Shamrock operates a massive dairy that was milking approximately 16,000 cows at the time of an inspection by Cornucopia staff in 2008.  Between 700 and 1,100 of the cows at the split operation were in the organic milk herd; the remainder were part of a conventional dairy that is part of the same sprawling complex.  Shamrock is Arizona’s first-ever certified organic dairy. 

“We found inadequate, overgrazed pasture adjacent to their milking facility, and we were told by Shamrock employees that the confined cows had not been out in weeks” said Mark A.  Kastel, Senior Farm Policy Analyst for Wisconsin-based Cornucopia Institute, an organic industry watchdog.

Federal organic regulations require that cows be grazed, and the practice has been a contentious issue in the organic arena.  A number of factory-scale dairies – some milking thousands of cows each – have been spotlighted by Cornucopia’s investigations for skirting the law.  Formal complaints to the USDA from the farm policy group have led to similar enforcement actions against other giant dairies that they say are “masquerading as organic”
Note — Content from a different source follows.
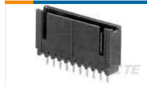
TE 零件编号5-103414-9 11 MODII HDR SRST SHRD LF

“As an organic dairy farmer who believes in and follows the law, I am upset that outfits like Shamrock are allegedly cheating and deceiving organic consumers” said John Boere, a Modesto, California dairy producer who ships his milk to Organic Valley, a cooperative of primarily family farmers.   “Over the past few years there has been a surplus of organic milk, which injured plenty of farms like mine.  Ethical producers like me could have recovered some of our income if certifiers and the USDA had been doing their jobs” added Boere.